Together, We Light the Way

Study of Text, Chapter 13: VII. Attainment of the Real World, P 4. 9-27-16

VII. ATTAINMENT OF THE REAL WORLD, P 4
4 Yet the real world has the power to touch you even here, because you love it. And what you call with love will come to you. Love always answers, being unable to deny a call for help, or not to hear the cries of pain that rise to it from every part of this strange world you made but do not want. All that you need to give this world away in glad exchange for what you did not make is willingness to learn the one you made is false.

Journal

Love always answers every call for help, whether it is a call from one who knows he or she needs help, or one from someone who doesn’t even know help is available, or even from one who asks even in denial that help is needed. Love is not confused by the form of the request. It knows what is needed and gives answer to the call. However, we must accept the answer. Love will not force Itself on us. We will not be aware of the answer we do not want.

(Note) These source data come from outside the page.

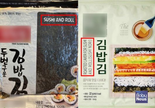 일부 '김밥용 김’ 제품의 포장지에 영어로 '스시 앤 롤(SUSHI AND ROLL)’이라고 표기된 사례가 여전히 남아 있어 논란이 되고 있다.
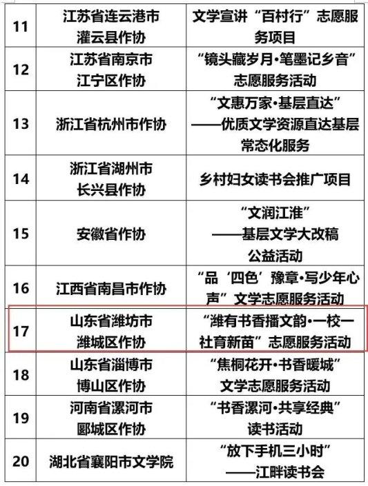 鲁网3月5日讯(记者 王玉龙)3月5日,中国作家协会社会联络部在中国作家网公布了2026年度文学志愿服务示范性重点扶持服务项目名单,全国共有52个项目入选。其中,潍坊市潍城区作协提报的“潍有书香播文韵•一校一社育新苗”志愿服务活动成功入选。这是潍坊市唯一的入选项目,也是全省入选的两个项目之一。
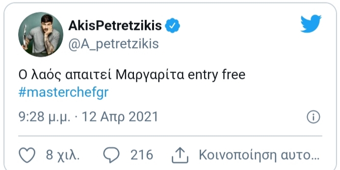 Ένα του tweet για το ΜasterChef αρκεί για να προκαλέσει πανικό. Πετρετζίκης είναι αυτός…
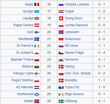 Minsk, un paio di squadre polacche, Tirana e Rejkiavic sono le uniche già sentite negli ultimi anni...le altre son sempre le solite comparse ai livelli europei inferiori.
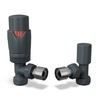 Efficient Heat Regulation with Thermostatic Control:This thermostatic radiator valve offers precise temperature regulation, allowing each room to stay at your preferred comfort level. Maintain ideal warmth while improving your heating system's efficiency. Stylish and Durable Anthracite Grey Finish:The modern textured anthracite grey finish of this radiator valve complements contemporary interiors while resisting daily wear and corrosion. A sleek solution that combines both form and function. Secure Fit for Standard 15mm Pipework:Designed for universal compatibility, this angled radiator valves 15mm model fits all standard 15mm pipework systems. Easy to install, it provides a leak-proof connection with a solid 1/2" BSP thread. Angled Lockshield for Precision Flow Control:The integrated lockshield gives you the ability to balance the system and regulate water flow. These grey radiator valves thermostatic design enhances system performance and reduces heat waste. Energy Efficient and Cost-Effective Solution:Reduce energy bills with this eco-friendly radiator thermostat valve. By adjusting room-by-room temperature levels, it ensures optimal heat without unnecessary energy usage or overheating., Manufacturer: UK Radiators
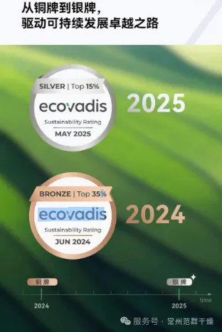 常州范群榮獲銀牌認(rèn)證,標(biāo)志著其在可持續(xù)發(fā)展及企業(yè)社會(huì)責(zé)任方面獲得國(guó)際認(rèn)可,讓常州范群在激烈的市場(chǎng)競(jìng)爭(zhēng)中脫穎而出,不僅提升了范群的聲譽(yù),還吸引了注重可持續(xù)性的合作伙伴和客戶(hù),為其贏得了市場(chǎng)先機(jī),為其可持續(xù)發(fā)展奠定了堅(jiān)實(shí)基礎(chǔ)。
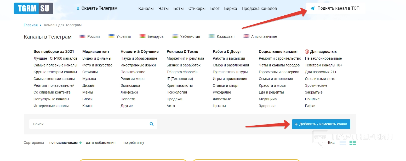 Однако есть один нюанс. Чтобы добавить свой канал в каталог биржи, вебмастеру придется воспользоваться своим Telegram-аккаунтом. В первую очередь открываем стартовую страницу сайта и жмем «Добавить/изменить канал» или «Поднять канал в ТОП».
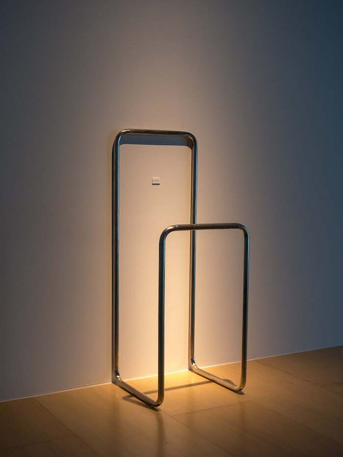 Site (1969/2016) does not use moving image. But it is clearly related to Snow’s acclaimed film Wavelength (1967), in which a static camera slowly zooms in, over the course of 45 minutes, on the far wall of a studio loft. In Site, a U-shaped stainless steel structure functions as both frame and barrier, drawing my attention to a small placard on the wall yet barring me from closeness to it. In soliciting this bodily conduct, Snow warns us to not believe the hype: movement is not freedom. As I lean forward, conscious of the restricted access, a short, typewritten text becomes legible: “I considered using, here, an image of the sea, of waves, but I finally decided to use this. Michael Snow ’69.” The artist’s trademark dry humor creeps in: he is referencing the postcard of the sea that brings Wavelength’s inexorable zoom to rest.

When I was divorced the first time, I lost the privilege of receiving the sacraments of the Catholic Church. I took this as a rejection of God because I had not learned to separate the laws of Love from the laws of religion. I was very afraid and so I was very angry with God who I imagined had abandoned me. I spent about a year ranting and raving at God.

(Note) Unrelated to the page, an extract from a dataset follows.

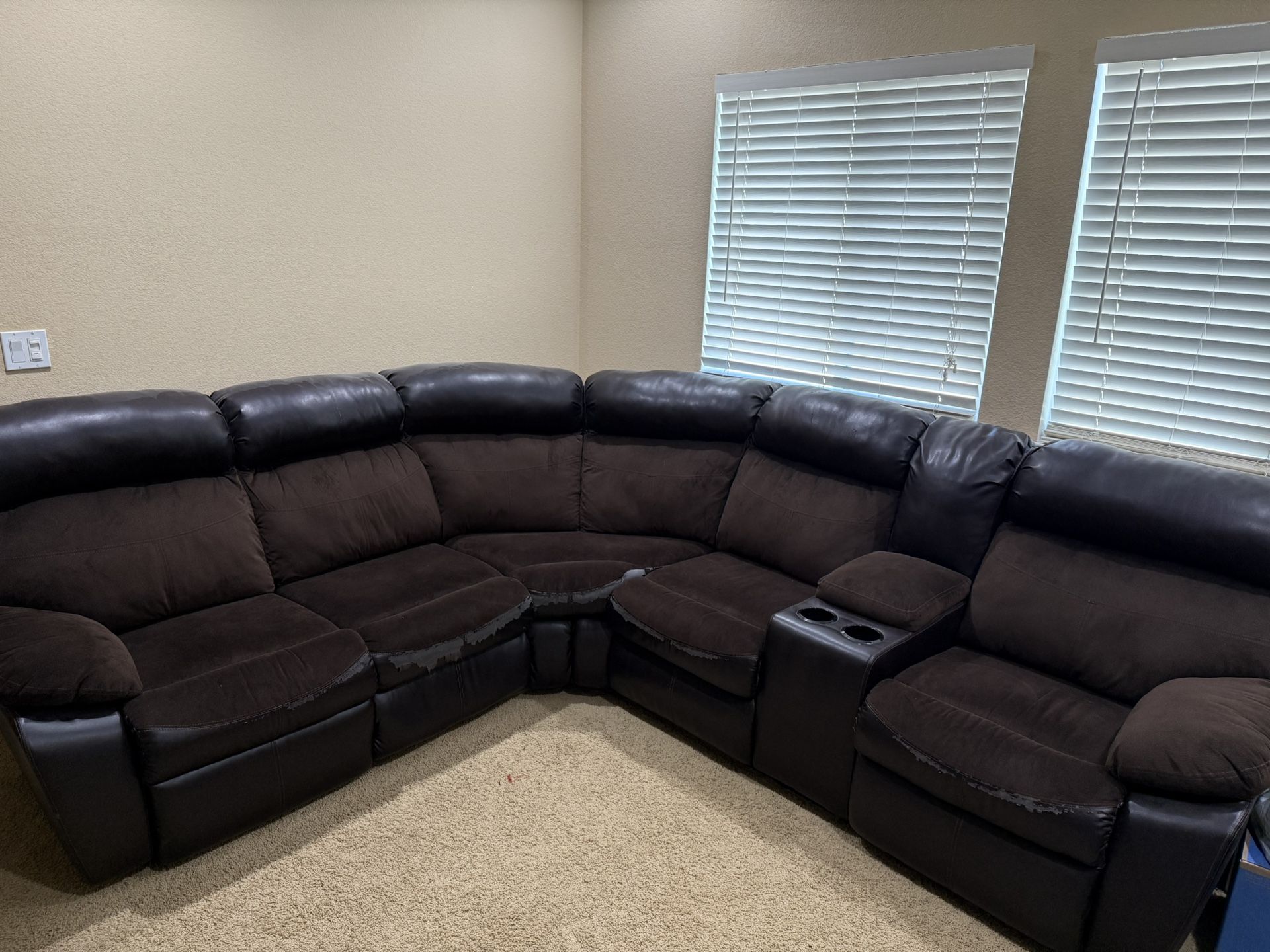 Brown colored, L shape sofa set. Both ends have manual reclining chairs. Console with 2 cupholders. Cloth material with some synthetic leather, which is peeling in certain locations as seen in pictures. Sofa rarely used, padding firm and great condition. Dimensions: 100” x 117”

What God heard was my desire to be loved and accepted. This call for love, he answered. But it took me some time to accept the answer. When I was ready, the answer was there waiting for me. Interestingly, when I was ready to put my own feelings aside in an act of love toward another, I discovered a God I had not learned about at church, a good I could trust and depend on. I suppose that in giving love I was receiving love.

Sometimes I still slip back into the idea that God is like me rather than the truth that I am like God. God is not a person with an ego. He cannot be hurt or offended. He cannot judge or condemn. It is essential that I remember this or I will hate and fear God. Here is an idea that helps me to see God differently.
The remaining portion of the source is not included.